Até a década de 1990, Brasil e Argentina eram indistinguíveis. Já hoje, o Brasil tem muitos problemas, mas, quando se olha para a Argentina, tem-se a impressão de que pertencemos a outro planeta.
A vida diária associada à inflação é simplesmente um verdadeiro caos. A inflação nos últimos 12 meses foi de 288% — e continua aumentando. A inflação média mensal nos primeiros três meses de 2024 foi de 15%. Os reajustes de uma série de variáveis, que até alguns anos atrás eram anuais, passaram para semestrais, depois quadrimestrais, trimestrais e às vezes mensais.

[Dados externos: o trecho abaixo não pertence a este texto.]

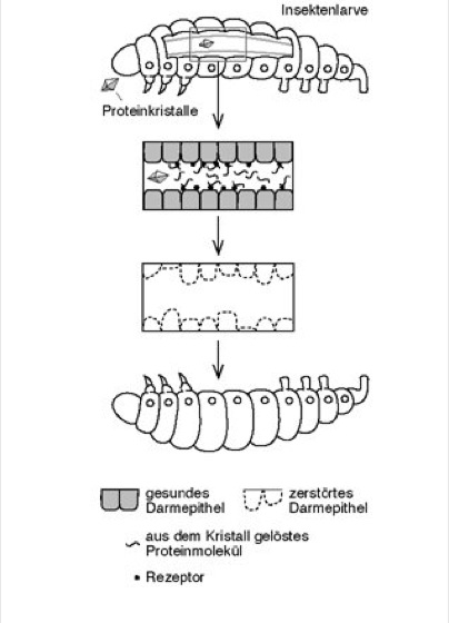 Bacillus-thuringiensis-Toxins, Abk. Bt-Toxin, insektizid wirkendes Protein (insektizide Proteine), das von Bacillus thuringiensis während der Sporenbildung (Endosporen) als Protoxin gebildet wird. Das für dieses Protein codierende Gen wurde bereits isoliert und charakterisiert. Während der Sporenbildung synthetisiert Bacillus thuringiensis große Mengen des Proteins, das sich zu Kristallen zusammenlagert. Nimmt ein Insekt mit seiner Nahrung diese Kristalle auf, so werden die Proteine von den Verdauungssäften des Insekts freigesetzt und gespalten und damit zum wirksamen Toxin umgewandelt. Die Spaltprodukte binden an Rezeptoren der Darmwand, dringen in die Zellmembran des Darmepithels ein und zerstören diese durch Porenbildung ( vgl. Abb. ). Dadurch kommt es zu einer Vermischung des Darminhalts mit der Hämolymphe und zum Tod (Sepsis) des Insekts. Da nur wenige, nahe verwandte Insektenarten Bindungsstellen für das Bacillus-thuringiensis-Toxin besitzen, kann das Toxin zur biologischen Schädlingsbekämpfung verwendet werden. Heute sind über 30 ähnliche Proteine mit unterschiedlichen Wirkspektren und deren Gene bekannt. Sie wurden aus anderen Bacillus-Arten (z. B. Bacillus larvae, Bacillus sphaericus) isoliert. Das Bacillus-thuringiensis-Toxin wirkt auf Schmetterlingslarven, andere Toxine auf Stechmückenlarven, Käfer oder Fadenwürmer letal. – Da die Toxine unter UV-Strahlung rasch ihre Wirkung verlieren, ist ihr Einsatz zur Zeit noch gering. Um dieses Problem zu umgehen, werden zwei Wege beschritten: 1) Die für das Toxin codierenden Gene werden solcherart verändert, daß Toxine von längerer Lebensdauer entstehen, und die Sporen dieser veränderten Bakterien werden auf die Felder ausgebracht. 2) Die Gene für das Toxin werden in das Genom von Nutzpflanzen eingeführt. Insekten, die an diesen Pflanzen fressen, entwickeln sich langsamer oder sterben sogar ganz ab. Mehrere solcher sog. Bt-Pflanzen sind schon auf dem Markt, darunter so wichtige Nutzpflanzen wie Baumwolle (Baumwollpflanze), Kartoffeln (Kartoffelpflanze), Mais, verschiedene Gemüsesorten (Gemüse) und Reis. Da diese Pflanzen nicht nur bei akutem Insektenbefall, sondern ständig Bt-Toxine erzeugen, wird dadurch die Verbreitung von toxinresistenten Insektenpopulationen begünstigt. Insektenresistenz gegen Bt-Toxine ist allerdings schon vor der Einführung transgener Pflanzen bekannt geworden – vermutlich durch exzessiven Einsatz des Toxins bei der biologischen Schädlingsbekämpfung. Anfang der 80er Jahre trat dieses Problem erstmals in Zuckerrohrplantagen in Hawaii auf. Im Zusammenhang mit der Neueinführung von Bt-Baumwolle Mitte der 90er Jahre sind auch in Nordamerika Fälle von Massenbefall durch Bt-resistente Insekten beobachtet worden. Um die Resistenzentwicklung zu verlangsamen (sog. resistance management), empfehlen die entsprechenden Firmen, das transgene Saatgut mit konventionellem Saatgut zu mischen, um so den Selektionsdruck auf die Insektenpopulation zu vermindern. In den meisten Fällen scheint die Resistenz auf eine Veränderung in der Struktur der Rezeptoren im Insektendarm zurückzugehen, wodurch die Bindung des Toxins vermindert wird. Manche dieser Veränderungen verleihen sogar eine multiple Resistenz (d. h. gegen eine ganze Reihe von Bt-Toxinen; Mehrfachresistenz). Darüber hinaus kommen jedoch auch komplexere Resistenzstrategien vor, wie pH-Änderungen der Verdauungssekrete (wodurch die Freisetzung der Toxine im Darm verhindert wird) oder Verhaltensänderungen (bevorzugter Fraß von Pflanzenteilen mit niedrigem Toxinpegel). Langfristig wird im Rahmen des "resistance management" versucht, neue, wirksamere Toxine zu finden, gegen die noch keine Resistenzen vorhanden sind. Außerdem wird daran gearbeitet, das Toxin nicht stetig, sondern induzierbar zu bilden, so daß die Pflanzen nur bei massivem Schädlingsbefall Bt-Toxine erzeugen. Alternativ wird das Toxin-Gen unter der Kontrolle von gewebsspezifischen Promotoren in das pflanzliche Genom eingeführt, so daß nur bestimmte, besonders wichtige Pflanzenorgane (bei der Baumwolle etwa die Blütenknospen, aus denen sich die Samenkapseln entwickeln) geschützt sind. Biopestizide, Entwicklungshemmer, gentechnische Schädlingsbekämpfung.
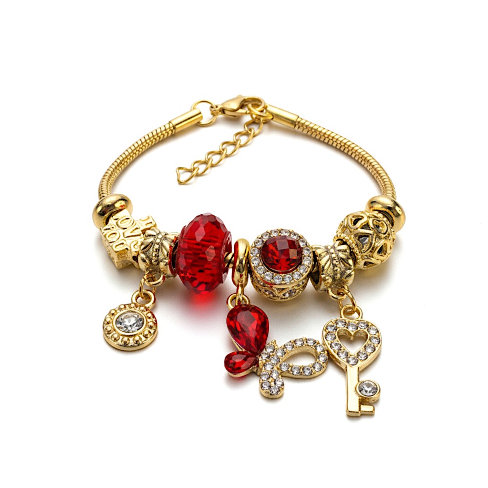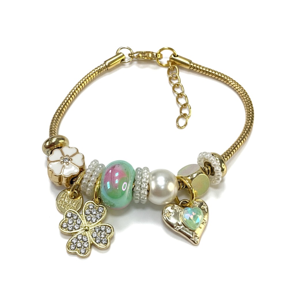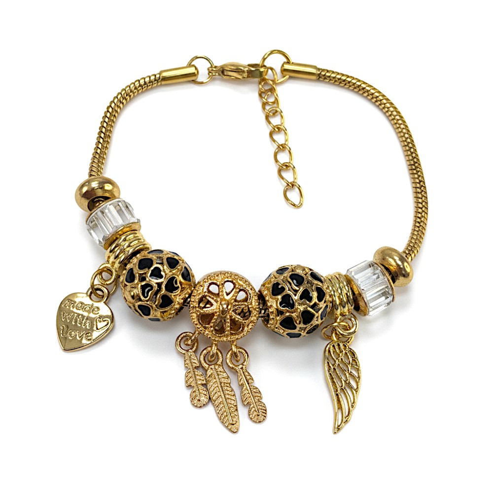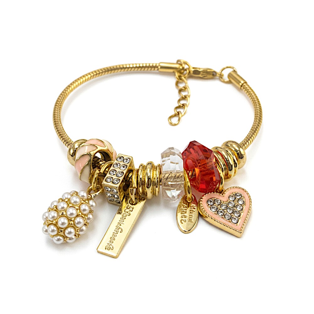 Pulsera tipo pandora con dijes Acero dorado

O país se prepara para a enésima negociação com o FMI, há greves, incerteza, etc. O Brasil já foi assim — no passado.
Se não é mais, agora que o Plano Real se encaminha para fazer seu 30.º aniversário em junho, é o momento de fazer o devido reconhecimento ao papel que um conjunto de indivíduos teve em 1994 para produzir essa transformação que se tornou um divisor de águas no Brasil.
Quando se vê o que é o dia a dia no país hermano, às voltas com as mesmas questões nossas de 30 anos atrás, percebe-se a dimensão do que aquela equipe foi capaz de fazer. Sob a condução política de FHC e a hábil regência de Pedro Malan, o grupo dos “pais do Real”, o dream team composto por Gustavo Franco, Pérsio Arida, Edmar Bacha, André Lara Resende e Winston Fritsch, contando também com o benefício da reflexão de anos anteriores feita por Francisco Lopes e Eduardo Modiano — embora não estivessem na equipe — elaborou um plano com grande dose de engenho. Ele foi fruto de dez anos de uma rica discussão no âmbito do Departamento de Economia da PUC-RJ, sob a liderança intelectual de Dionísio Dias Carneiro e Rogério Werneck.
Foi esse plano que permitiu passar de um Brasil de uma inflação de 50% ao mês para virar um país com uma inflação de 4% — ao ano. Plano esse que — cabe lembrar — contou na época com a crítica ferrenha do PT, que a ele se opôs de todas as formas, com o argumento de que teria efeitos recessivos e seria um fracasso, como os anteriores cinco planos de estabilização tentados desde 1986.
Não há hoje na Argentina, pelo menos por enquanto, uma reflexão consolidada acerca de como implementar um plano de estabilização e desindexar a economia, como havia no Brasil em 1994. E, muito menos, alguém com a habilidade de FHC. Liderança política e consistência técnica: feliz do país quando essas duas coisas se juntam. Foi a combinação zodiacal que o Brasil teve há 30 anos.